▸ Task objective
Quote exactly and only this range of lines in the data below: the line that holds "Зэвсэглэсэн эрэгтэй этгээд" to the line that holds "Racism, Racism, Always", both included.

▸ Dataset records
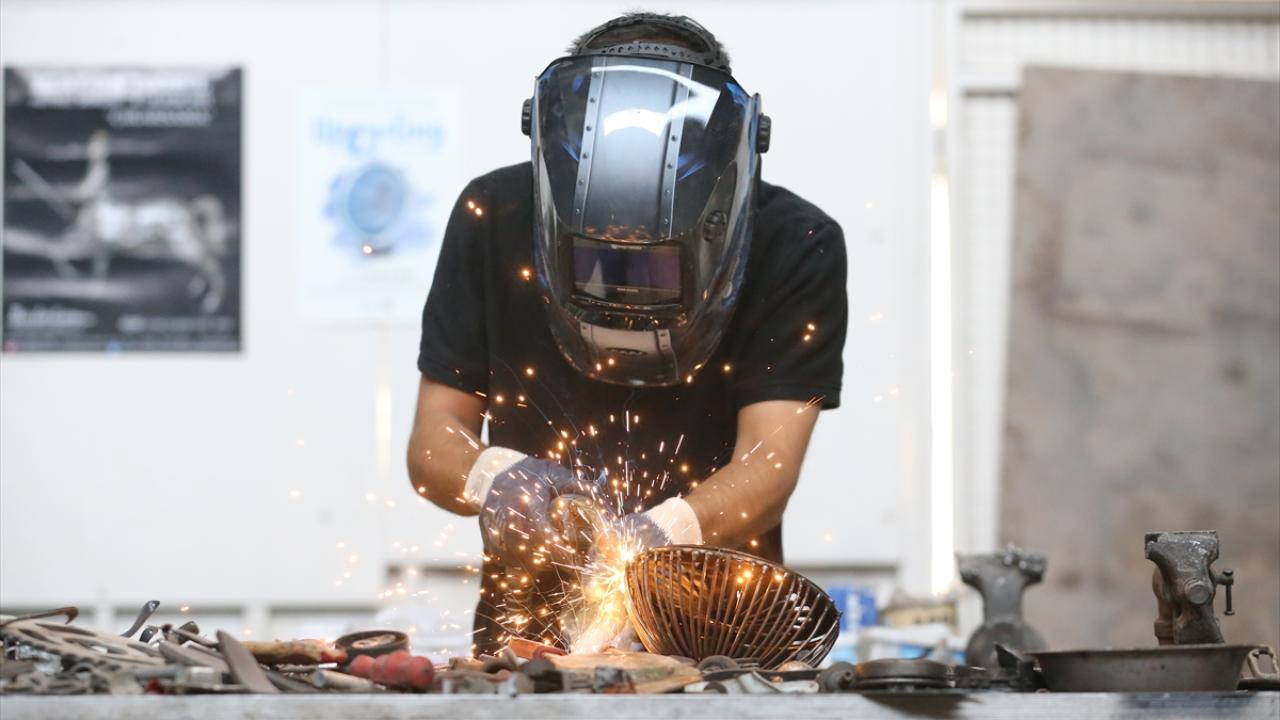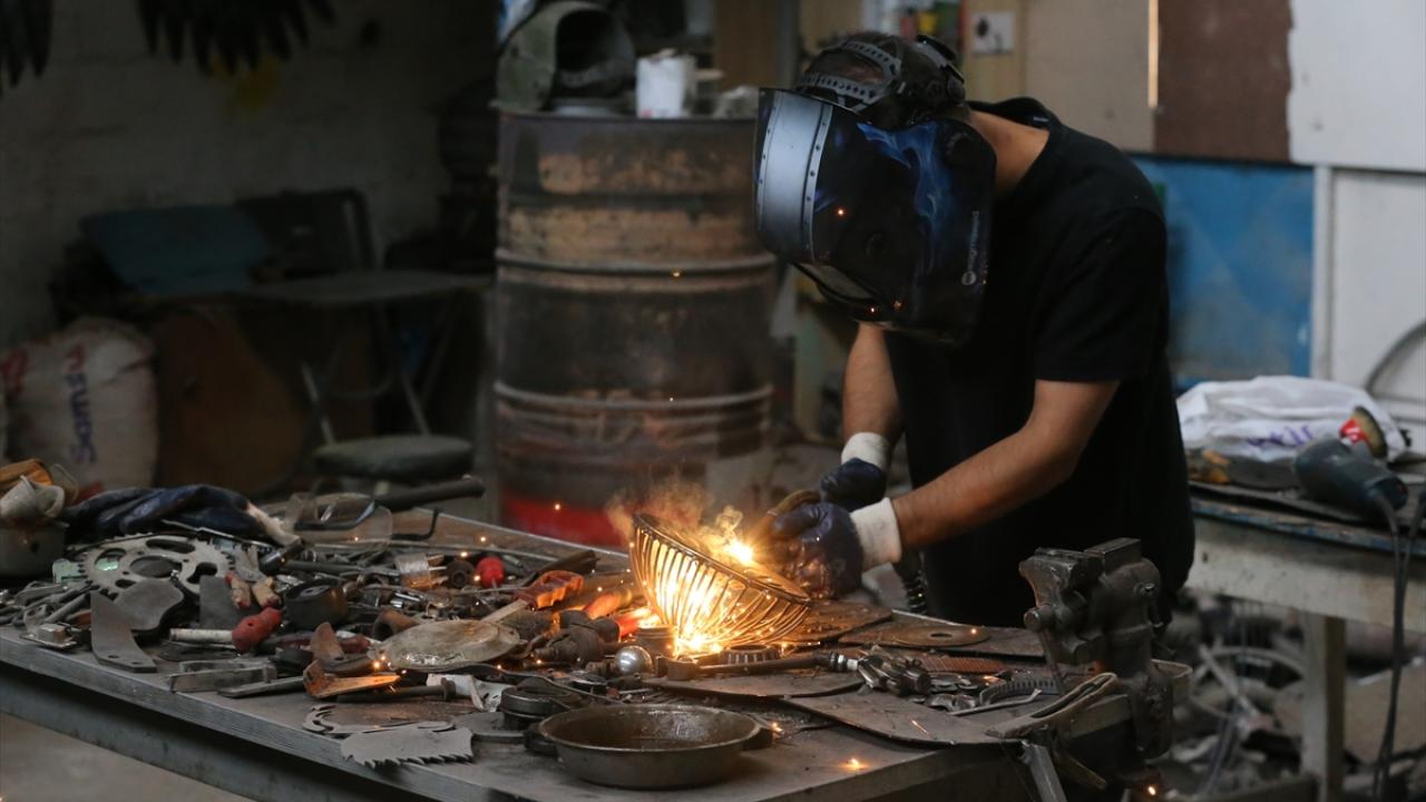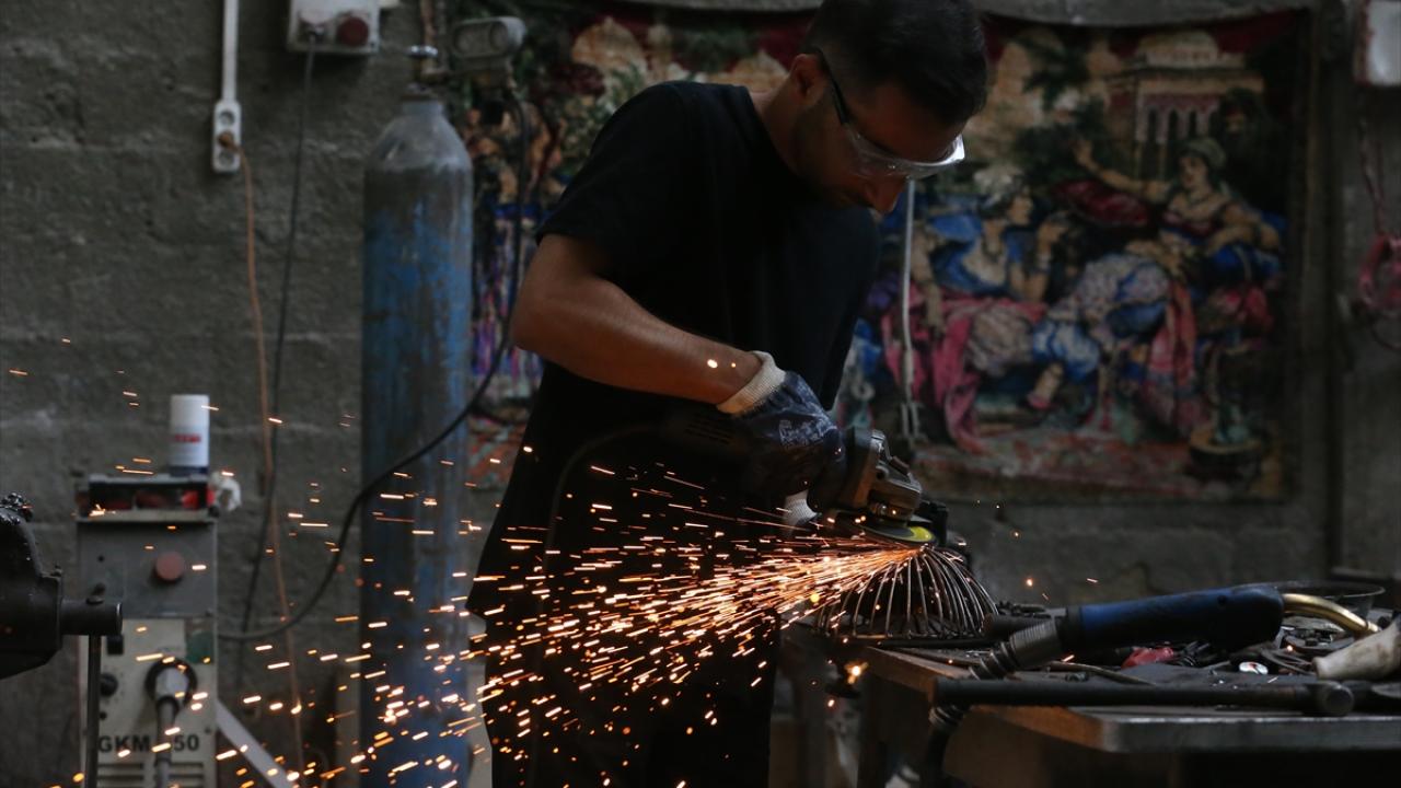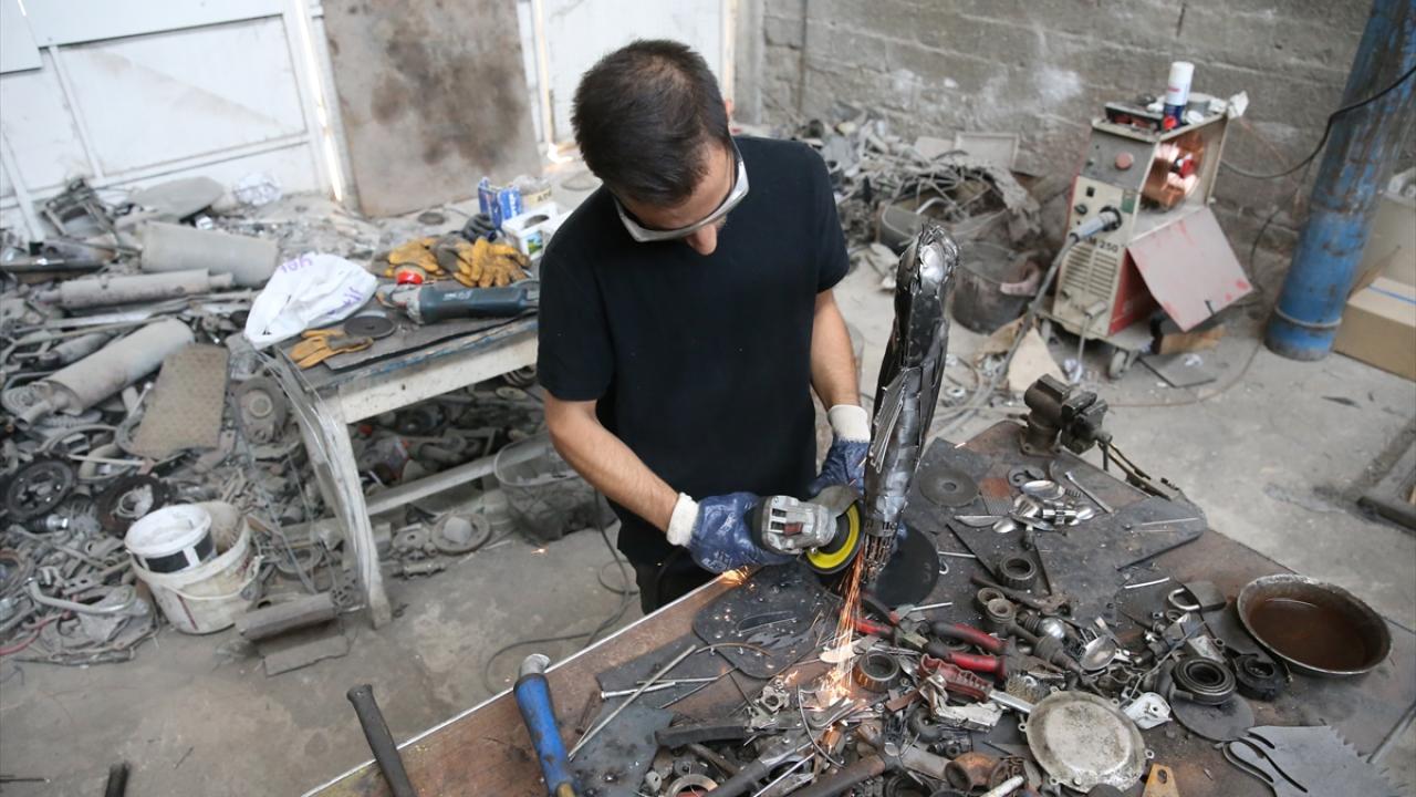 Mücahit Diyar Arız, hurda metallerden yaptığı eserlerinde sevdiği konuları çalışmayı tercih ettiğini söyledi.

* * *

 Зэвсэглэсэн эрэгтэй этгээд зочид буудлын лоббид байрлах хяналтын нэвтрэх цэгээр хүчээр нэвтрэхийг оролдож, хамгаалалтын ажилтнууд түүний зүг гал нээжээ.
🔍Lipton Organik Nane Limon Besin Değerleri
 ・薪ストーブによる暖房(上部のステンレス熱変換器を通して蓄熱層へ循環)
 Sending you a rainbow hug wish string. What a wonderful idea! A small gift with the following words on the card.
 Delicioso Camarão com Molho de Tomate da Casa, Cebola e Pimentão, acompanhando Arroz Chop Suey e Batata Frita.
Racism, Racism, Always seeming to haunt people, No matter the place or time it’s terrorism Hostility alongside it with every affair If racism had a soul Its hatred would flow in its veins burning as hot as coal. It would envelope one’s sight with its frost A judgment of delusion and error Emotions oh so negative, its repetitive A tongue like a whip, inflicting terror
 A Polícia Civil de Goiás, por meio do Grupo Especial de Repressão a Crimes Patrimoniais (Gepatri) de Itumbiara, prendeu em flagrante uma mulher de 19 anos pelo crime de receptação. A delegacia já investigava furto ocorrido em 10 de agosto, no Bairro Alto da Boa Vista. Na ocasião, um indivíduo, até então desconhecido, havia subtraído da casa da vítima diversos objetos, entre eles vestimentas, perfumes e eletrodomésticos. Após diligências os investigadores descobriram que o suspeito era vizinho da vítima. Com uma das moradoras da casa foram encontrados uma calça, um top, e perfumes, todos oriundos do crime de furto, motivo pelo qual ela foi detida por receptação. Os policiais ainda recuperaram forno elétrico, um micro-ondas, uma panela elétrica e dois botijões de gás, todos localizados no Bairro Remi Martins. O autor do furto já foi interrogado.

▸ Problem solution
 Зэвсэглэсэн эрэгтэй этгээд зочид буудлын лоббид байрлах хяналтын нэвтрэх цэгээр хүчээр нэвтрэхийг оролдож, хамгаалалтын ажилтнууд түүний зүг гал нээжээ.
🔍Lipton Organik Nane Limon Besin Değerleri
 ・薪ストーブによる暖房(上部のステンレス熱変換器を通して蓄熱層へ循環)
 Sending you a rainbow hug wish string. What a wonderful idea! A small gift with the following words on the card.
 Delicioso Camarão com Molho de Tomate da Casa, Cebola e Pimentão, acompanhando Arroz Chop Suey e Batata Frita.
Racism, Racism, Always seeming to haunt people, No matter the place or time it’s terrorism Hostility alongside it with every affair If racism had a soul Its hatred would flow in its veins burning as hot as coal. It would envelope one’s sight with its frost A judgment of delusion and error Emotions oh so negative, its repetitive A tongue like a whip, inflicting terror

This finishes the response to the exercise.